Ananda Claude Dalenberg -- Died four years ago -- just saw this piece on the Sweeping Zen site, so I thought I would post it. Claude met Kennett when she first came to America and was very supportive during the first few years. Seemed to see much less of him as time went on.

By Adam Tebbe

Ananda Claude Dalenberg, a Soto Zen priest ordained by Shunryu Suzuki roshi himself and a dharma successor of Tenshin Reb Anderson, died on this day on February 18, 2008 at age 80. He is the person who scouted out the San Francisco Zen Center‘s current city location at 300 Page Street at Suzuki roshi’s request. Dalenberg was a friend and early student, of sorts, of the late Alan Watts, a writer largely responsible for early American interest in Zen and Eastern philosophy. Dalenberg was also a character in Jack Kerouac’s novel Dharma Bums, Bud Diefendorf (Dalenberg was a friend of both Kerouac and Gary Snyder). He also served as abbot of Hartford Street Zen Center during an interim period following Issan Dorsey‘s death in 1990.

Dalenberg is among my heroes in Western Buddhism. He studied. We practiced. And he understood the bodhisattva’s role — he called them Ho Bo (Ho = Dharma, Bo = bosatsu) — as the maintenance men of the cosmic, the ones who do the clean up. So when Hartford Street needed a new roshi upon the death of Tommy Dorsey, Dalenberg took the job no one else wanted, excelling at it. He was that kind of guy, not too important to roll up his sleaves and do the real work. – Ken O’Neill, Kyoshi

He also served as a President of the Buddhist Council of Northern California (which he helped organize) and established East-West House in San Francisco. An ordained Soto Zen priest and lineage holder, Dalenberg was always open to exploring other traditions; he regularly attended the Buddhist Churches of America and the Jodo Shinshu Temple in San Francisco. He also had contacts within the Quaker movement and was involved with the Quaker prison project. According to a biographical portrait of him handed out at his funeral, “Ananda made a kind of pilgrimage to Japan, Southeast Asia, and India. He also had an affinity with Pure Land Buddhism and was influenced by Vedanta, Deism, Quietism, as well as the Quaker Friends fellowship.”

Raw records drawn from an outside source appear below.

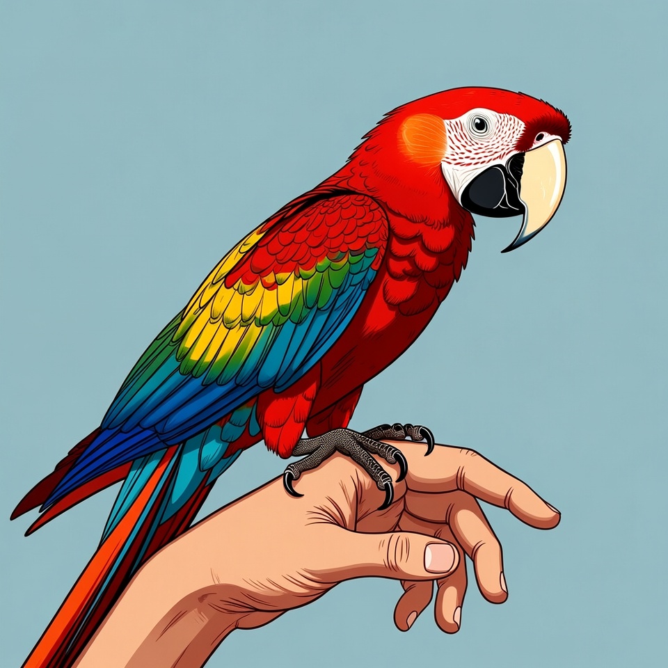 A vibrant red macaw parrot with blue and yellow wing feathers perches on a human hand. The parrot features a white facial patch, black beak, and detailed feathers in a colorful illustration style. The hand grips the parrot's talons against a light blue background.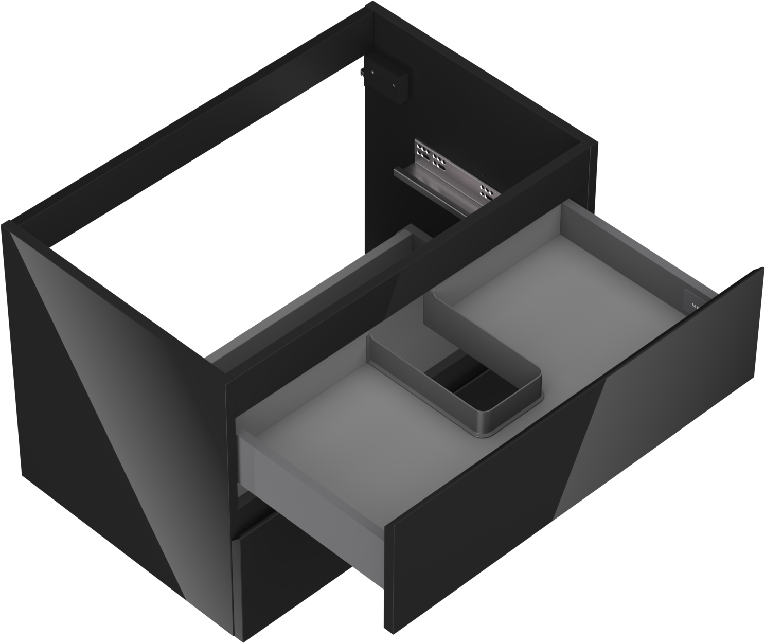 The cutout in the drawer is designed in such a way as to accommodate the siphon, which is essential in sink installations. This allows the furniture to be fully functional without having to give up drawer space for the installation.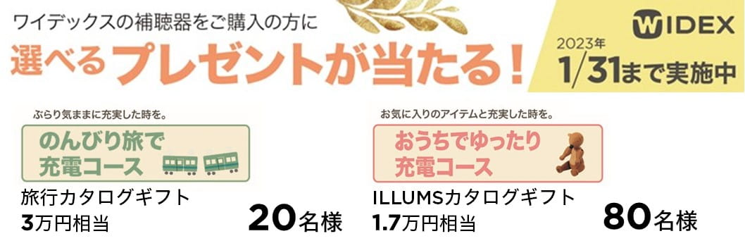 ワイデックスの充電式補聴器をご購入の方から抽選で100名様に素敵な賞品をプレゼントが当たる「ゆく音くる音」キャンペーンが終了いたしました。多数のご応募ありがとうございました。

Born in the Dutch immigrant community of South Holland, Illinois on July 2, 1927, Dalenberg first met Alan Watts at Northwestern University at around age twenty, while Watts was still a priest in the Episcopalian Church. Before entering Northwestern, he had served in the U.S. Navy toward the end of World War II. Watts would be Dalenberg’s first introduction to Eastern philosophy and ways of thought. Watts was a chaplain at the university and Canterbury House (a campus house for Episcopalians). Of Watts, he once said, “[Alan] freely and harmoniously quotes Christian sources and Zen sources and they all fit together. That’s the way it seemed when being with him. He’d give a talk at Canterbury House and it all seemed to fit together.”

Three years later Watts moved to San Francisco and, not long after, Dalenberg graduated from Northwestern and moved to San Francisco, studying at the American Academy of Asian Studies (today the California Institute of Integral Studies). “Alan was teaching out here and here I met D.T. Suzuki. Alan had been D.T. Suzuki’s personal secretary in England. So I got to meet Zen people through Alan. Also Sohaku Ogata. And got to know them fairly well. And eventually Nyogen Senzaki.” According to his own admissions, three of his early teachers—Watts, D.T. Suzuki and Senzaki—were never officially sanctioned to do so by anyone. In San Francisco, Dalenberg also established what would become known as East-West House.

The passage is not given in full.